▸ **Exercise requirements**
Print the whole listing again exactly, keeping no pictures in it.

▸ **Source material**
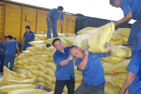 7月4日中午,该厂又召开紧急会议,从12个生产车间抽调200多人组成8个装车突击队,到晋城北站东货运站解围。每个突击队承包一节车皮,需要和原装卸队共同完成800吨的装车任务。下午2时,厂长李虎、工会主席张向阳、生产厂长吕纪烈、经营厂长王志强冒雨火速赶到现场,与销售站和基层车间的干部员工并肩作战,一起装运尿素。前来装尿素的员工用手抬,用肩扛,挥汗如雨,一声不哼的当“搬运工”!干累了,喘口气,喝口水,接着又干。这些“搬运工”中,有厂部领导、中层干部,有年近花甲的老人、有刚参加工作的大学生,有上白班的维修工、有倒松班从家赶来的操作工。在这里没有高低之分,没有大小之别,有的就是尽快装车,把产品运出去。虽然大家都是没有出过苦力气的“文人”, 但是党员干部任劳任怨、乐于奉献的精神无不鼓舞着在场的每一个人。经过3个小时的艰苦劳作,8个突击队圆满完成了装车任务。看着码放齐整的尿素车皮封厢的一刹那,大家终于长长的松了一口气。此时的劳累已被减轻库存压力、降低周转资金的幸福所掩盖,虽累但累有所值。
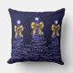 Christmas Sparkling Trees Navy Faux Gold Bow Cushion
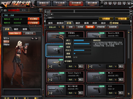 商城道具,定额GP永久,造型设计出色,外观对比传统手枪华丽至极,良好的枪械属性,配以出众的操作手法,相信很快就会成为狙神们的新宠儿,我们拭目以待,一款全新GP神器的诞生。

▸ **Answer to the problem**
 7月4日中午,该厂又召开紧急会议,从12个生产车间抽调200多人组成8个装车突击队,到晋城北站东货运站解围。每个突击队承包一节车皮,需要和原装卸队共同完成800吨的装车任务。下午2时,厂长李虎、工会主席张向阳、生产厂长吕纪烈、经营厂长王志强冒雨火速赶到现场,与销售站和基层车间的干部员工并肩作战,一起装运尿素。前来装尿素的员工用手抬,用肩扛,挥汗如雨,一声不哼的当“搬运工”!干累了,喘口气,喝口水,接着又干。这些“搬运工”中,有厂部领导、中层干部,有年近花甲的老人、有刚参加工作的大学生,有上白班的维修工、有倒松班从家赶来的操作工。在这里没有高低之分,没有大小之别,有的就是尽快装车,把产品运出去。虽然大家都是没有出过苦力气的“文人”, 但是党员干部任劳任怨、乐于奉献的精神无不鼓舞着在场的每一个人。经过3个小时的艰苦劳作,8个突击队圆满完成了装车任务。看着码放齐整的尿素车皮封厢的一刹那,大家终于长长的松了一口气。此时的劳累已被减轻库存压力、降低周转资金的幸福所掩盖,虽累但累有所值。
 Christmas Sparkling Trees Navy Faux Gold Bow Cushion
 商城道具,定额GP永久,造型设计出色,外观对比传统手枪华丽至极,良好的枪械属性,配以出众的操作手法,相信很快就会成为狙神们的新宠儿,我们拭目以待,一款全新GP神器的诞生。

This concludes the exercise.